2) update XLogCtl->data_checksum_version
3) update ControlFile->data_checksum_version
4) UpdateControlFile()
5) emits barrier

while the checkpointer (CreateCheckPoint) does this:

A) read XLogCtl->data_checksum_version (while holding insert locks)
B) insert XLOG_CHECKPOINT_REDO (reads XLogCtl->data_checksum_version)
C) UpdateControlFile()

The outcome depends on how exactly these two sequences interleave. For
example, this can happen:

1) write XLOG2_CHECKSUMS with new state
  A) read XLogCtl->data_checksum_version (while holding insert locks)
  B) insert XLOG_CHECKPOINT_REDO (reads XLogCtl->data_checksum_version)
  C) UpdateControlFile()
2) update XLogCtl->data_checksum_version
3) update ControlFile->data_checksum_version
4) UpdateControlFile()
5) emits barrier

Which means the XLOG_CHECKPOINT_REDO will be after XLOG2_CHECKSUMS (and
so redo won't see it), but the checkpoint will still get the old
checksum state from XLogCtl. And so the outcome is "off", per case (c).

But it can also happen what case (b) does:

  A) read XLogCtl->data_checksum_version (while holding insert locks)
  B) insert XLOG_CHECKPOINT_REDO (reads XLogCtl->data_checksum_version)
  C) UpdateControlFile()
1) write XLOG2_CHECKSUMS with new state
2) update XLogCtl->data_checksum_version
3) update ControlFile->data_checksum_version
4) UpdateControlFile()
5) emits barrier

In which case the REDO will have the old state, but the recovery will
read the XLOG2_CHECKSUMS, and so end up with "on".

This is the root cause of the surprising behavior in TAP 012, I think.

I attempted to trigger these race conditions in TAP 013, but without
much success.
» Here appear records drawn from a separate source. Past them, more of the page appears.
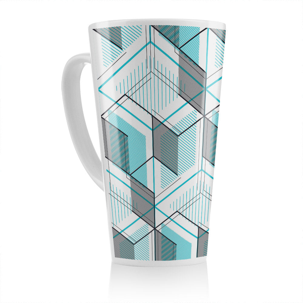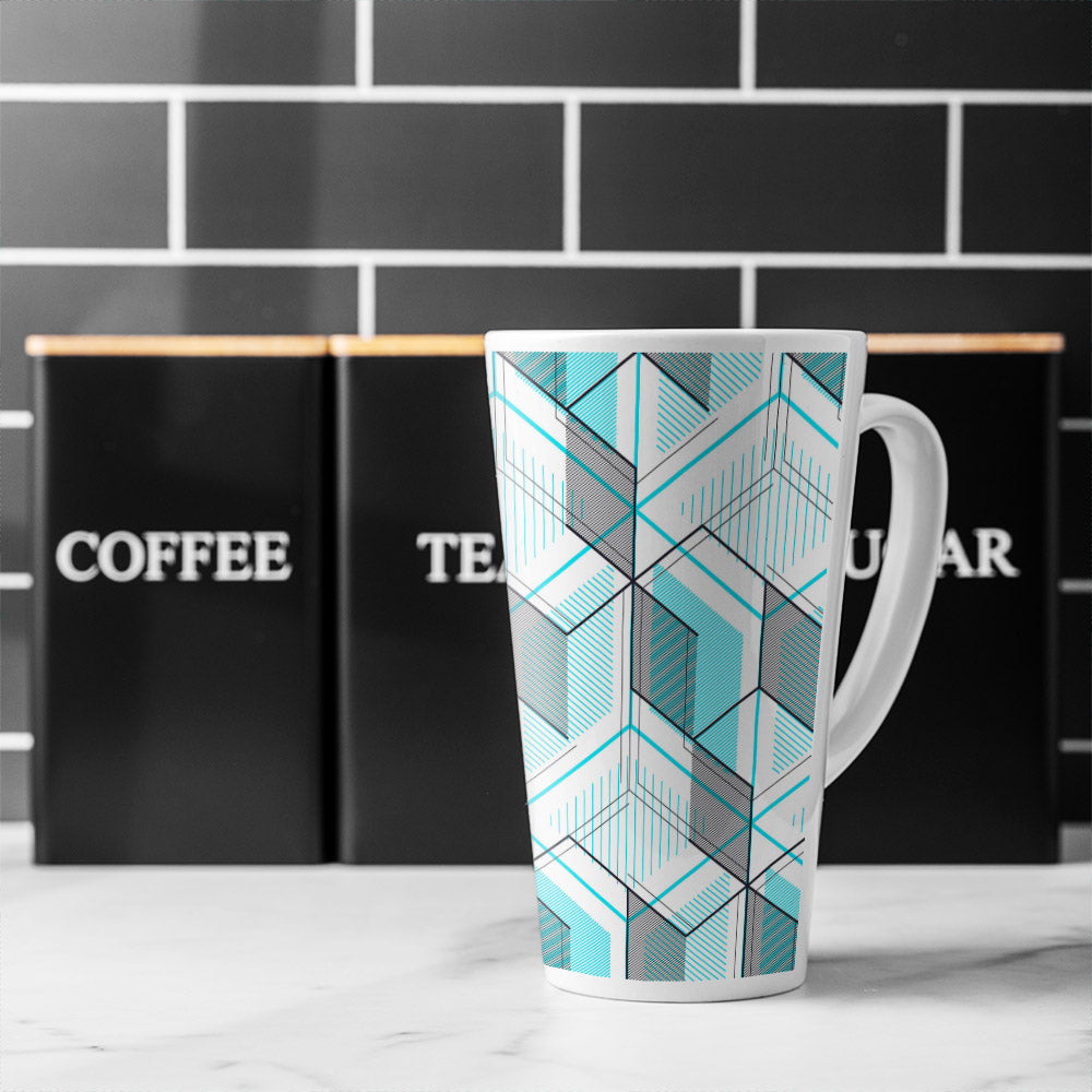 Blue Geometric Hexagons Latte Mug
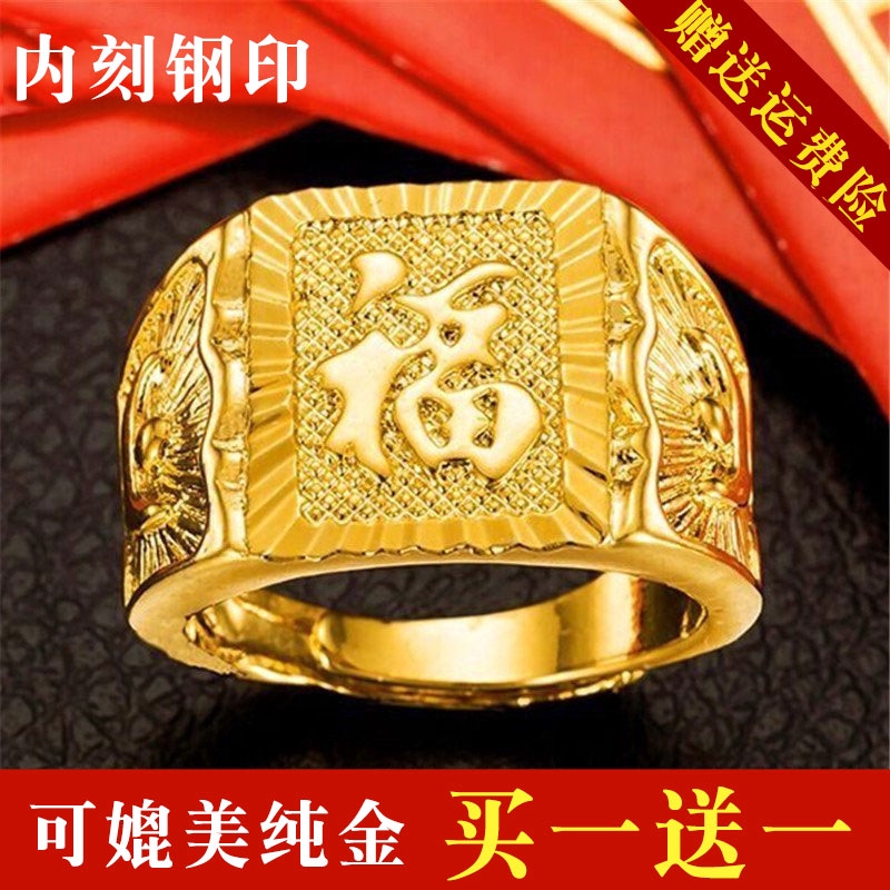 999 Pure Gold Color Fook Word Men S Ring Fortune Simulation
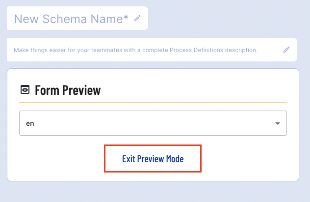 Users can exit preview mode and return to the form builder by clicking the 'Exit Preview Mode' button under the Form Preview panel.
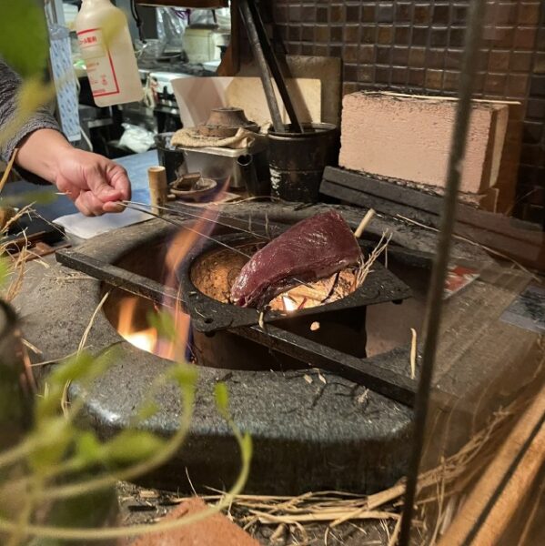 藁を釜戸に入れて目の前で鰹のタタキを炙ってくれます
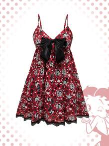 Betty Boop | ROMWE Vestido de tirantes con estampado de corazón y dibujos animados, con lazo frontal de contraste y dobladillo de encaje para mujer
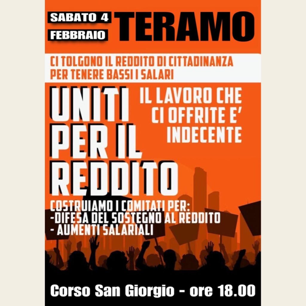 SABATO 4 FEBBRAIO TERAMO – DIFENDIAMO IL REDDITO DI CITTADINANZA
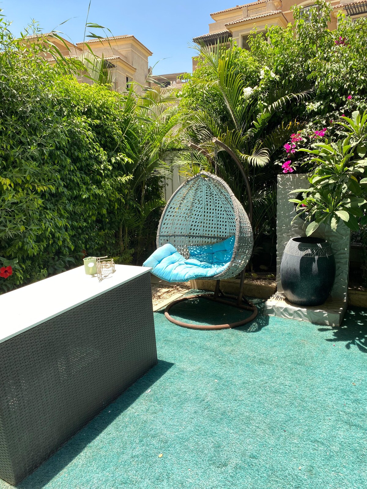Luxury Mansion with pool and Jacuzzi in New Cairo where you can Enjoy a seamless experience, definitely an experience you never want to miss out, This mansion is almost 980SQM and it consists of 4 Bedrooms and 4 bathrooms, 2 of the bedrooms are master bedrooms with a private bathroom. and an exquisite living area which has extra modern furniture, in addition to a spacious and unique private backyard overlooking a golf course where both the pool and jacuzzi are located.
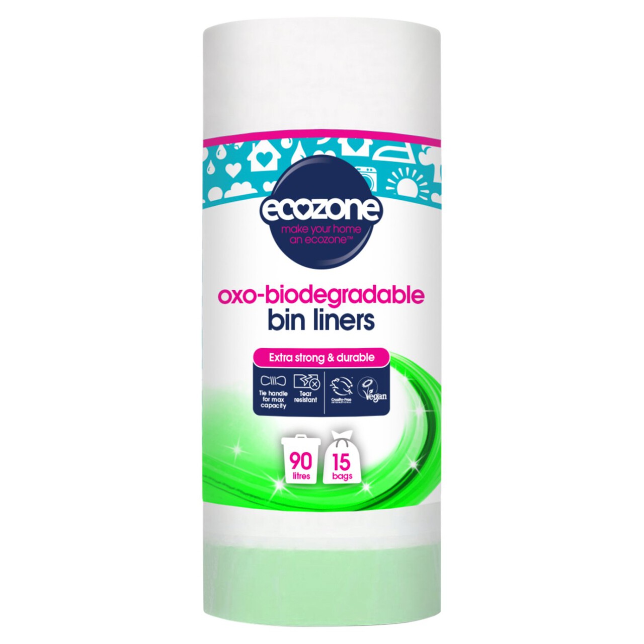 - Oxo-biodegradable bin liners for 90L household bins.- Tear resistant even when wet.- Designed with tie top handles for maximum capacity.More about our Bin LinersEcozone's Oxo-Biodegradable Bin Liners are created with special oxo-biodegradable materials that also make them compatible with general recycling. The liners are extra-strong & tear-resistant even when wet. They have been designed with a tie top drawstring handle for maximum capacity & easy handling.
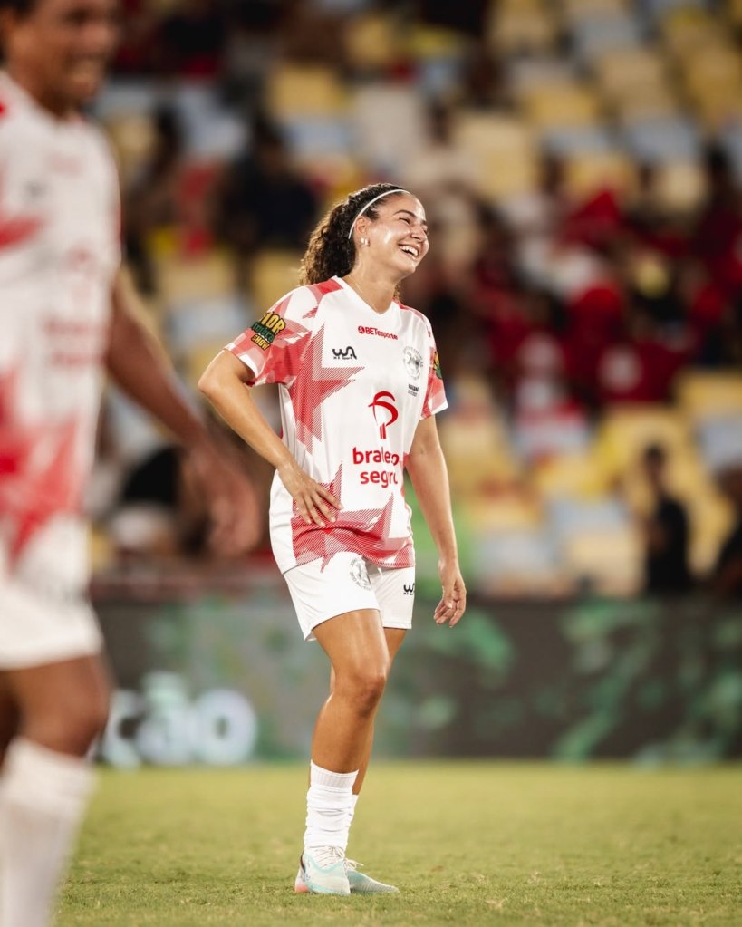 As atletas entraram durante o 2º tempo, com Luany entrando no time vermelho e Angelina entrando no time branco e ambas jogadoras vestindo a camisa 33 de cada equipe. Enquanto Angelina buscou construir algumas jogadas para o time branco através de passes e arrancadas, Luany atuou no ataque do time vermelho buscando entrar na área adversária com jogadas de efeito para cima da marcação. A atacante teve um gol anulado por impedimento e deu a assistência para o gol de Thiago Coimbra, um dos filhos de Zico.
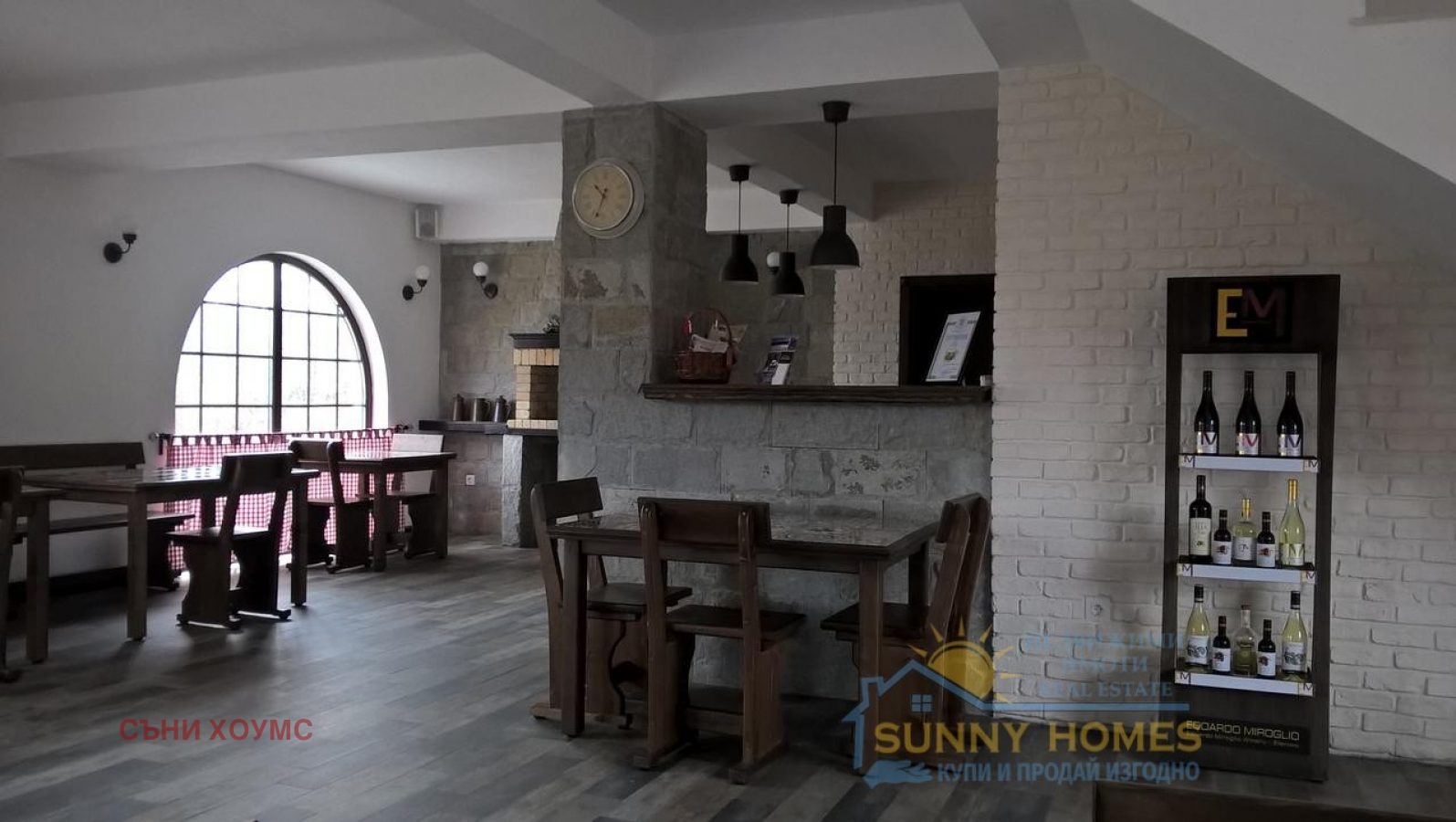 Отоплителната система е независима на пелетен котел, с мощност 50 kW, с бункер 300 kg, което осигурява отоплителната система в непрекъснат режим. Котелното е разположено в отделно техническо помещение. Отоплението се ползва от септември до април в зависимост от метеорологичните условия. На втория етаж на къщата във всяка стая са монтирани радиатори за водно отопление. Допълнителното топлоснабдяване минава през топлоизолиран под. На първия етаж на сградата в близост до панорамни прозорци има конвектори, също с топлоразпределение през пода. Подаването на топла вода се осигурява от бойлер с обем 200 литра. СГРАДА: Сградата отговаря на всички технически европейски стандарти. При изграждането на сградата са използвани пенобетони блокове YTONG. Производител на плочки BRAMAC. Висококачествената топлоизолация на сградата позволява да използва икономично топлоснабдяването на къщата през зимата и есента без използване на допълнително оборудване за охлаждане през лятото. Външните стени са облицовани с камък, което придава на къщата тоскански стил. Благоприятното разположение на сградата и големите панорамни прозорци осигуряват естествена дневна светлина във всички стаи. Всички ВиК инсталации са осигурени от Ideal Standard: душ системи с термостат, окачени тоалетни с функция биде, мивки и смесители, както и вана в главната спалня. Допълнително оборудване: хладилник Ariston, професионален газов котлон с електрическа фурна Technogas (Италия), абсорбатор, малки кухненски уреди, пералня.

In the end I realized it probably needs more control,
waiting for the other process to hit the next injection point before
unpausing the current one. TAP 014 does that, and it shows that with the
right interleaving of steps the (c) case can end up with both "on" and
"off" final state.

As I said, I don't claim I fully understand this yet. But I wouldn't
call this "bug" - AFAICS it won't produce an incorrect final state (I
haven't seen any such cases).

Still, I wonder if there's a potential issue I failed to notice.


The other question I had when looking at this (concurrency with
checkpoints) is what we get by doing

     MyProc->delayChkptFlags |= DELAY_CHKPT_START;

whenever updating the state in SetDataChecksums... functions. Because
the only thing that guarantees is the updates happen on one side of the
checkpoint record. What does that give us, actually?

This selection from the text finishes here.